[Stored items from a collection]
※ ※ ※

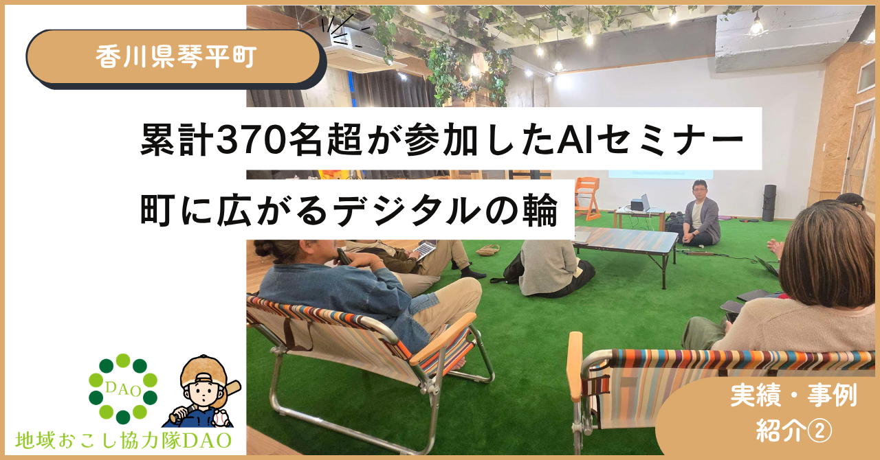 あっきーさん自身も、琴平町の役場でAIの活用法をアドバイスする機会が増えています。この話は第4回の記事で詳しくお伝えしますが、セミナーでの実践経験が行政の業務効率化にまでつながっている点は、地域おこし協力隊DAOの隊員ならではの波及効果といえるでしょう。
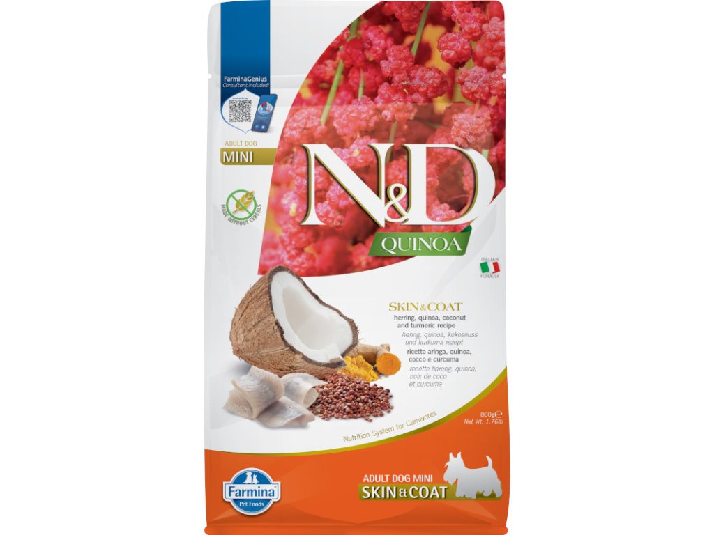 Vyvážené funkční krmivo pro dospělé psy malých plemen při nežádoucí reakci na potravu pro navrácení a udržení zdraví kůže a srsti. Hlavním zdrojem vysoce kvalitních bílkovin v krmivu je hypoalergenní sleď. Přidaná quinoa v bio kvalitě pěstovaná v Itálii podporuje trávení, absorpci živin a celkově zdraví trávicího traktu. Dále je bohatá na vzácné aminokyseliny a přírodní antioxidanty a má nízký glykemický index. Rybí olej zaručuje optimální poměr omega-3 a omega-6 mastných kyselin pro dobrou kondici kůže a srsti a její regenerační schopnost. Přídavek glukosaminu a chondroitinu vyživuje kloubní chrupavky, stimuluje růst a ochraňuje klouby. Krmivo neobsahuje obiloviny, geneticky modifikované suroviny, umělá barviva, bílkoviny ze sóji, hormonální ani antibiotická rezidua.
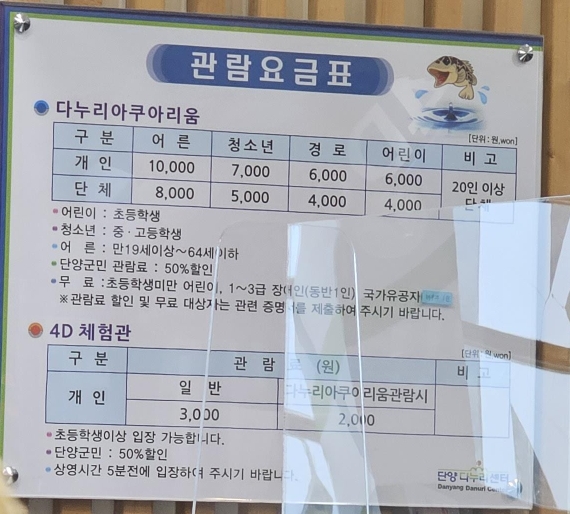 단양 다누리 아쿠아리움 관람 요금표
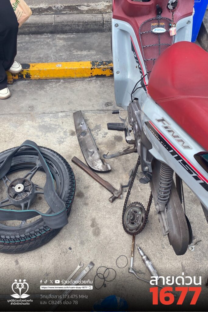รับแจ้งจากประชาชนขอความช่วยเหลือรถจักรยานยนต์ยางแตก ภายในปั๊มน้ำมันบางจาก ถนนพระราม 9 ซอย 43 แขวงสวนหลวง เขตสวนหลวง กรุงเทพฯ อาสาร่วมด้วยเฉลิมพระเกียรติ 15 ดำเนินการใช้อุปกรณ์ถอดล้อและเปลี่ยนล้อยางได้สำเร็จ สามารถขับขี่รถต่อไปได้
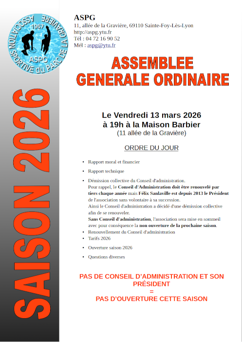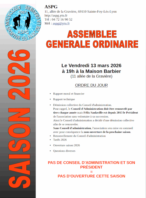 Suite à la démission de l’entièreté du Conseil d’administration, l’ASPG réalisera son Assemblée Générale Ordinaire
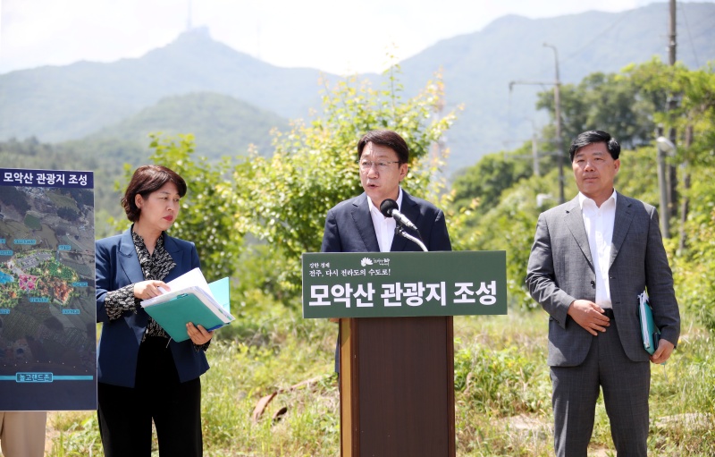 우범기 전주시장은 4일 중인동 모악산 공영주차장 일원에서 ‘모악산 관광지 조성 사업’ 관련 현장 브리핑을 열고 “전주 시민의 휴식처인 모악산을 전주를 대표하는 생태관광 랜드마크로 조성할 계획”이라며 “이를 토대로 전주는 더 경쟁력 있는 새로운 관광도시로 나아가겠다”고 밝혔다.
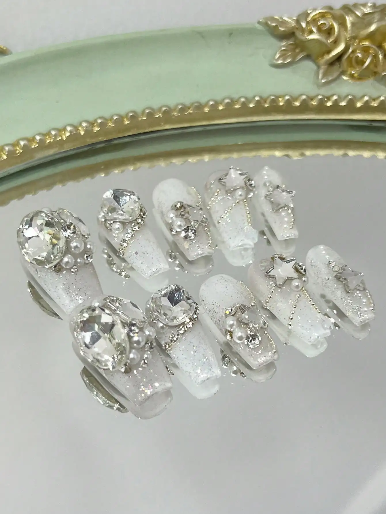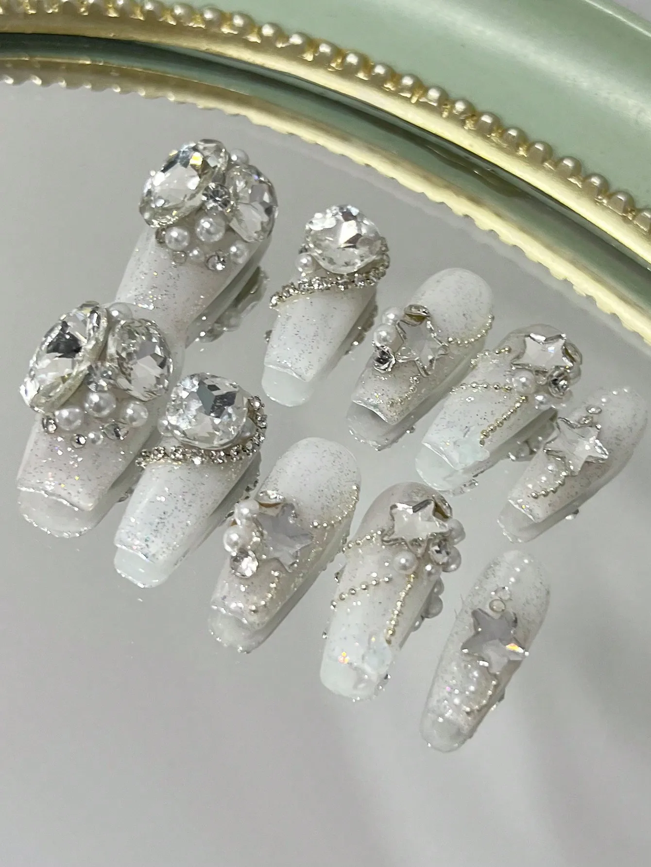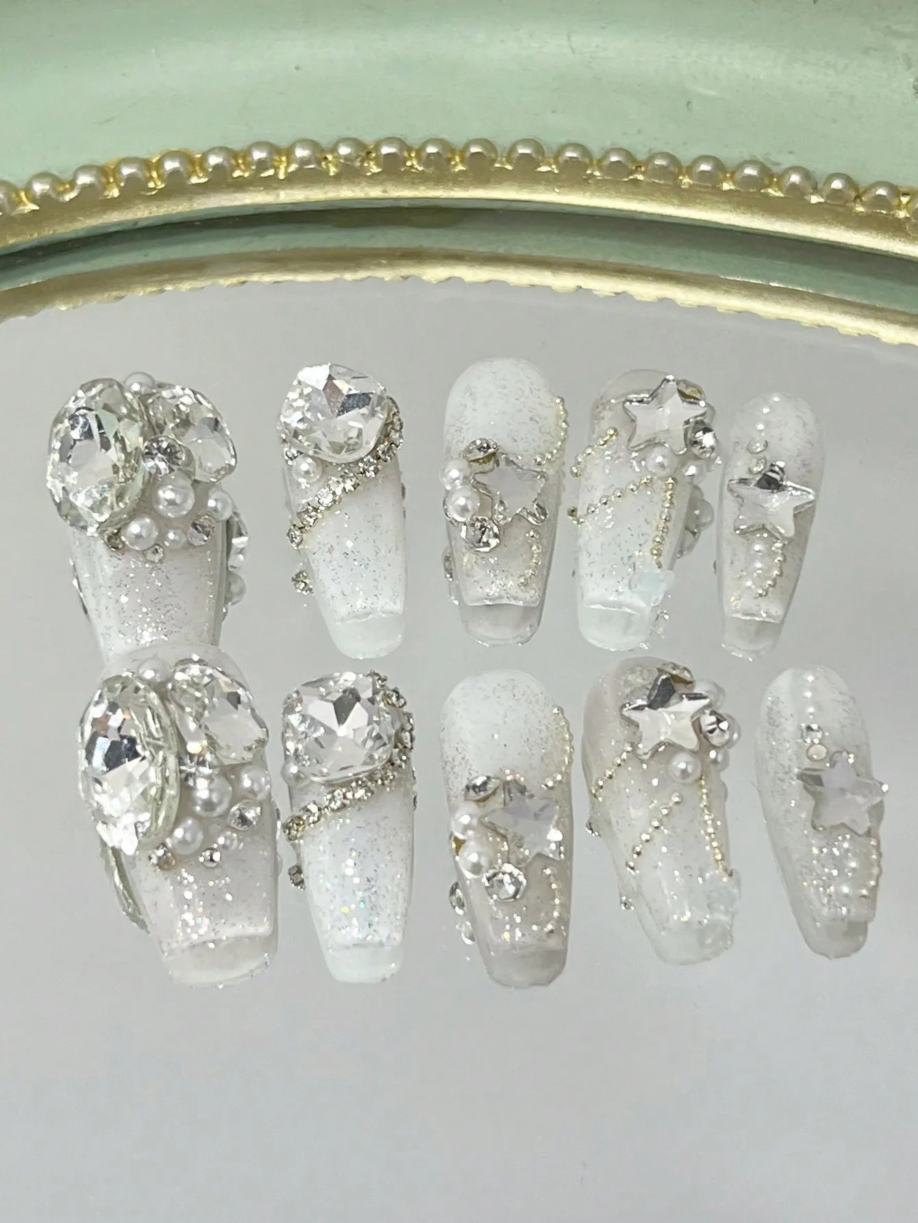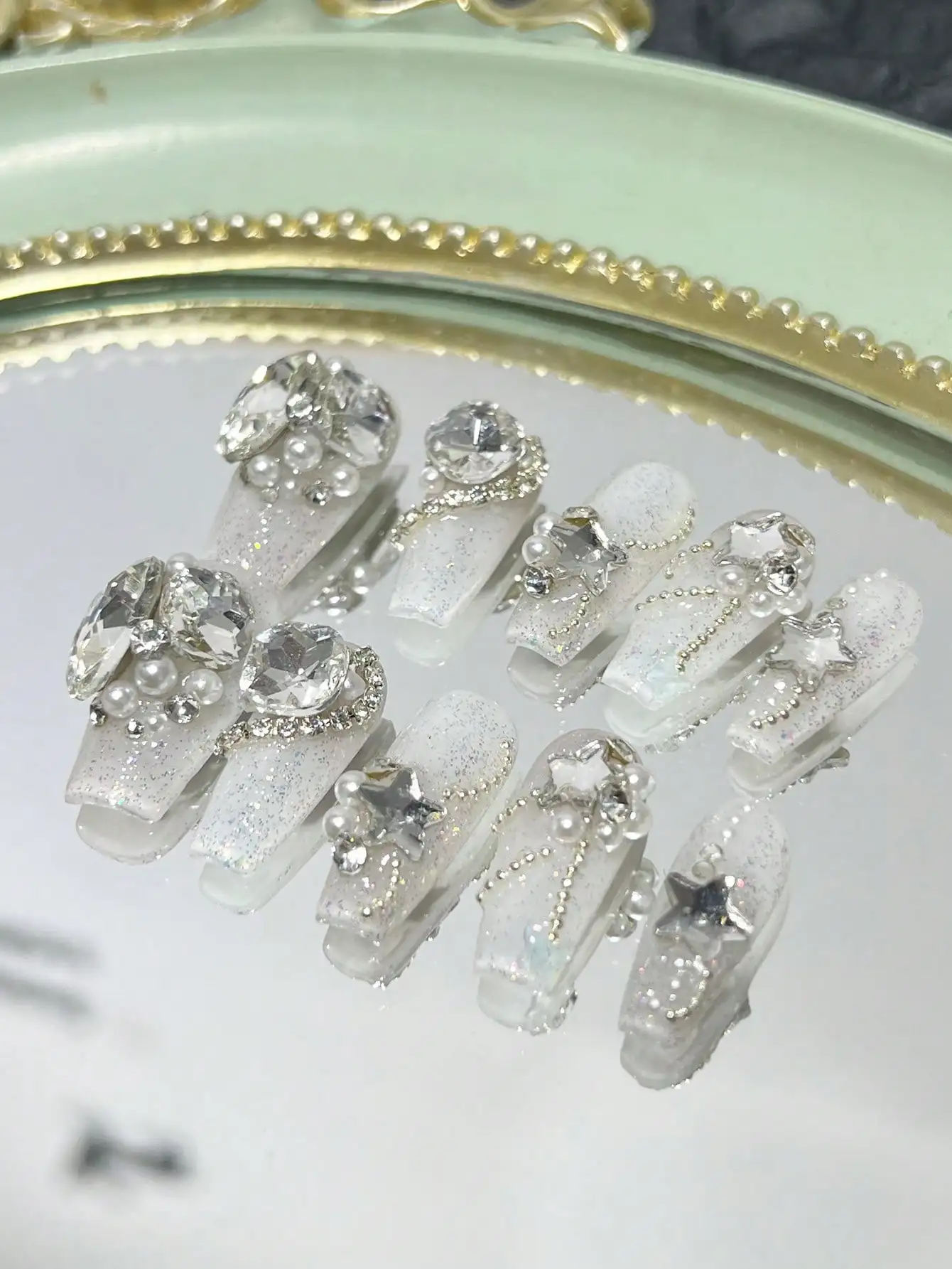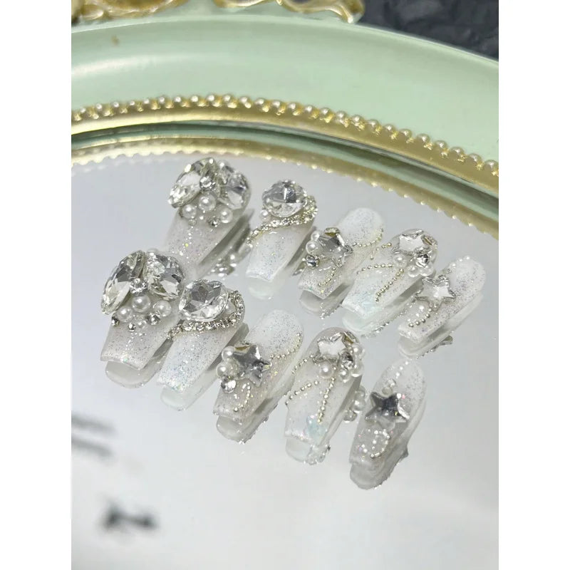 Yeknu 10Sheet Pack Handmade Fake Nails Press-On Long Nails Pipe Nails Coffin Nails Detachable Reusable Suitable for Parties and Festiv
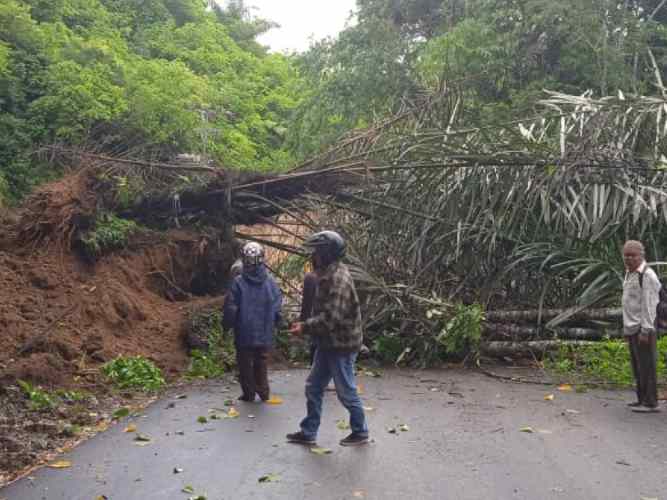 Tebing setinggi 4 meter dilaporkan terban hingga menutup badan jalan sepanjang 3 meter. Beruntung, peristiwa ini tidak menelan korban jiwa. Material longsor juga menumbangkan sebatang pohon yang membentang ke tengah jalan.
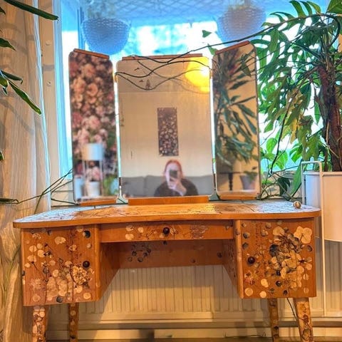 Vakoiseksi maalattu puinen siisti kampauspöytä
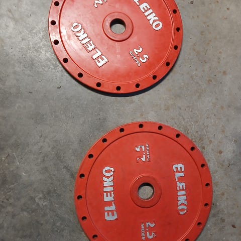 Selger et sett med Eleiko teknikkvektskiver. 2x2,5kg og 2x5kg.
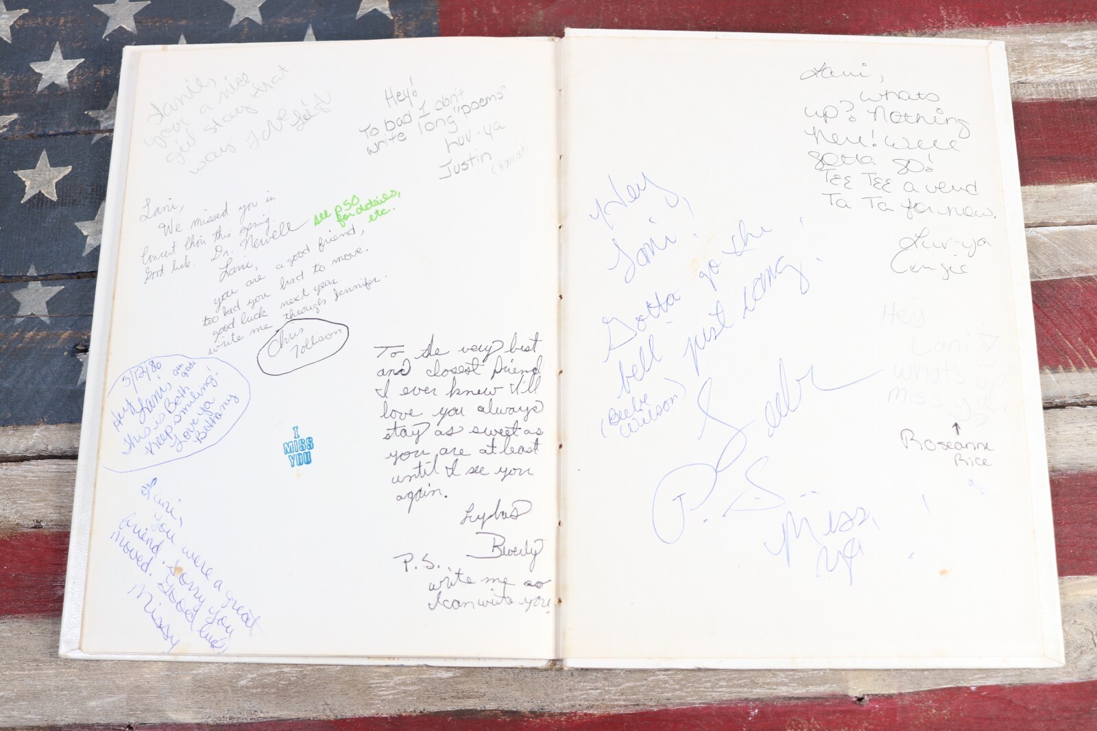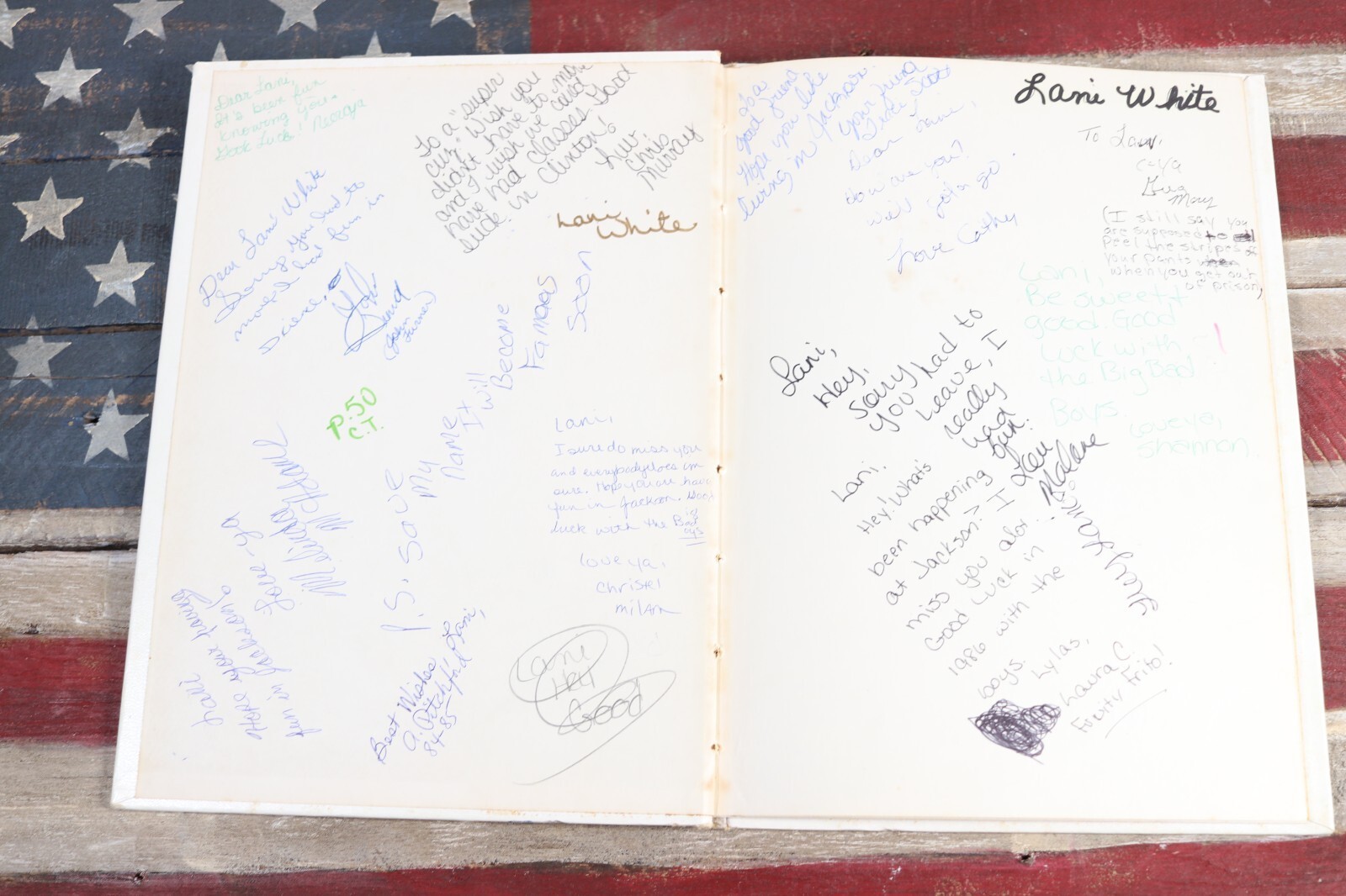 The product is a vintage 1984-1985 Milam Junior High School yearbook from Tupelo, Mississippi. This yearbook has been signed, adding a personal touch to this historical memorabilia piece. Perfect for collectors or those interested in educational history, this item offers a glimpse into the past of a specific school in the region during the 1980s.

※ ※ ※

§ **AIM OF THE EXERCISE**
Restate each entry word for word, please, but drop any images it holds.

§ **RESULT OF THE EXERCISE**
 あっきーさん自身も、琴平町の役場でAIの活用法をアドバイスする機会が増えています。この話は第4回の記事で詳しくお伝えしますが、セミナーでの実践経験が行政の業務効率化にまでつながっている点は、地域おこし協力隊DAOの隊員ならではの波及効果といえるでしょう。
 Vyvážené funkční krmivo pro dospělé psy malých plemen při nežádoucí reakci na potravu pro navrácení a udržení zdraví kůže a srsti. Hlavním zdrojem vysoce kvalitních bílkovin v krmivu je hypoalergenní sleď. Přidaná quinoa v bio kvalitě pěstovaná v Itálii podporuje trávení, absorpci živin a celkově zdraví trávicího traktu. Dále je bohatá na vzácné aminokyseliny a přírodní antioxidanty a má nízký glykemický index. Rybí olej zaručuje optimální poměr omega-3 a omega-6 mastných kyselin pro dobrou kondici kůže a srsti a její regenerační schopnost. Přídavek glukosaminu a chondroitinu vyživuje kloubní chrupavky, stimuluje růst a ochraňuje klouby. Krmivo neobsahuje obiloviny, geneticky modifikované suroviny, umělá barviva, bílkoviny ze sóji, hormonální ani antibiotická rezidua.
 단양 다누리 아쿠아리움 관람 요금표
รับแจ้งจากประชาชนขอความช่วยเหลือรถจักรยานยนต์ยางแตก ภายในปั๊มน้ำมันบางจาก ถนนพระราม 9 ซอย 43 แขวงสวนหลวง เขตสวนหลวง กรุงเทพฯ อาสาร่วมด้วยเฉลิมพระเกียรติ 15 ดำเนินการใช้อุปกรณ์ถอดล้อและเปลี่ยนล้อยางได้สำเร็จ สามารถขับขี่รถต่อไปได้
 Suite à la démission de l’entièreté du Conseil d’administration, l’ASPG réalisera son Assemblée Générale Ordinaire
 우범기 전주시장은 4일 중인동 모악산 공영주차장 일원에서 ‘모악산 관광지 조성 사업’ 관련 현장 브리핑을 열고 “전주 시민의 휴식처인 모악산을 전주를 대표하는 생태관광 랜드마크로 조성할 계획”이라며 “이를 토대로 전주는 더 경쟁력 있는 새로운 관광도시로 나아가겠다”고 밝혔다.
 Yeknu 10Sheet Pack Handmade Fake Nails Press-On Long Nails Pipe Nails Coffin Nails Detachable Reusable Suitable for Parties and Festiv
 Tebing setinggi 4 meter dilaporkan terban hingga menutup badan jalan sepanjang 3 meter. Beruntung, peristiwa ini tidak menelan korban jiwa. Material longsor juga menumbangkan sebatang pohon yang membentang ke tengah jalan.
 Vakoiseksi maalattu puinen siisti kampauspöytä
 Selger et sett med Eleiko teknikkvektskiver. 2x2,5kg og 2x5kg.
 The product is a vintage 1984-1985 Milam Junior High School yearbook from Tupelo, Mississippi. This yearbook has been signed, adding a personal touch to this historical memorabilia piece. Perfect for collectors or those interested in educational history, this item offers a glimpse into the past of a specific school in the region during the 1980s.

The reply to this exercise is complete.